Myst

di Pietro Puddu
La prima versione portatile ufficiale di Myst, porting pressocchè pedissequo del titolo rilasciato su PC nel lontano 1993, è catalogabile come un'operazione di puro retrogaming; si presenta così l'occasione ideale per riscoprire un classico intramontabile dell'avventura grafica e l'origine di una saga storica, riuscito ad aggirare i canoni del genere e a conquistare con le sue atmosfere oniriche e cervellotiche un forte seguito di appassionati.


Certezze dal passato
Se il canovaccio tradizionale dell'avventura punta e clicca prevede il ruolo centrale di un protagonista carismatico (solitamente rappresentato tramite un avatar dalla forte presenza scenica e dallo spiccato spirito d'osservazione), l'inserimento di lunghi dialoghi con personaggi secondari dispensatori di informazioni e battute e la gestione di un inventario più o meno corposo in cui stipare gli oggetti utili raccattati, la visione concepita da Cyan Worlds cambia decisamente approccio.
Una prospettiva in prima persona proietta lo stesso videogiocatore in mondi ignoti, sospesi tra diverse realtà spazio-temporali, privi di qualsivoglia abitante a cui rivolgere la parola e spesso labirintici nella conformazione.
Il primo passo è quello di prendere confidenza con lo scenario e le sue diramazioni, tracciando una mappa mentale del luogo in funzione delle diapositive che ne forniscono di volta in volta parziale rappresentazione. La seconda e concomitante fase consiste nel registrare la presenza di congegni e strutture interagibili, tentando di intuirne l'enigmatico principio di attivazione e funzionamento, e nella consultazione di quei documenti scritti o messaggi filmati che si riescano a rintracciare, con la finalità di acquisire conoscenza sul mondo circostante e sulla vicenda fatta di viaggi dimensionali e faide familiari che riguarda lo scienziato/scrittore Atrus e di riflesso le sorti del giocatore/protagonista. Il terzo ed ultimo momento, quello determinante per il proseguo nel gioco, consiste nel sintetizzare l'insieme degli elementi acquisiti (in forma di idee, data la totale assenza di items collezionabili e quindi di un inventario) in una sorta di sequenza operativa del da farsi, individuando una rete di corrispondenze: dove, cosa, come e in che ordine sono le domande ricorrenti che occorrerà porsi.
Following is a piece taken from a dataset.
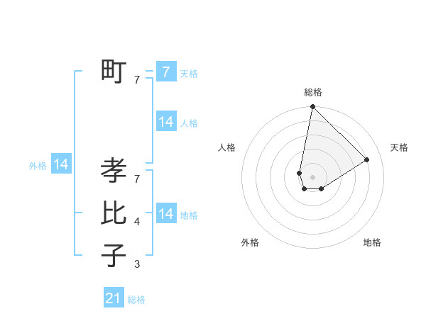 町 孝比子さんの総格は21画の5点!

Al di là della componente di esplorazione/pianificazione e di quella prettamente enigmistica, uno dei punti vincenti di Myst rimane la costruzione di un contesto audiovisivo coerente, affascinante ed avvolgente, nonostante l'assoluta semplicità delle soluzioni tecnologiche adottate. Gli scorci paesaggistici ed i dettagli scenografici che costituiscono le diverse schermate, realizzati in un bitmap spesso granuloso e solo raramente ravvivati da animazioni a dir poco elementari, riescono ancora ad emozionare l'osservatore e a raccontare una storia segreta, attraverso l'immutata carica evocativa; in quest'ottica, l'accompagnamento sonoro risulta complementare e assolutamente necessario: non solo dà voce alle immagini, alternando realistici suoni ambientali al tema musicale dominante, ma diventa protagonista nella risoluzione di rompicapi interamente uditivi.

Esigenze del presente
Sentimentalismi a parte, Myst avrebbe tratto enorme giovamento da quel lavoro di decisa e mirata attualizzazione che gli sviluppatori hanno scelto di non intraprendere, privilegiando l'aderenza formale all'opera originale.
La totale staticità di schermate dalla risoluzione e dalla profondità di colore anacronistiche, l'incertezza generata da un cursore "attempato" che non fornisce alcun suggerimento visivo riguardo le possibili interazioni contestuali ed alcuni enigmi di concezione arcaica, che obbligano a munirsi di carta e penna per appuntare vari memorandum o che fanno leva su piccole forzature per aumentare il fattore difficoltà, sono eredità che appesantiscono l'esperienza senza restituire alcun vantaggio.
Com'era purtroppo prevedibile, i suddetti problemi si vanno a sommare a qualche inedita incertezza realizzativa legata alla conversione su PSP; il controllo tramite dischetto analogico risulta lento ed approsimativo in confronto all'agevole soluzione rappresentata dal classico mouse (nelle manovre di precisione è consigliabile il passaggio alla croce digitale, poco reattiva negli spostamenti ampi ma sensibile ai piccoli tocchi ) ed i famigerati caricamenti da UMD non mancano di intromettersi, comportando brevi ma inopportune (e incomprensibili) pause anche nella semplice transizione tra videate successive.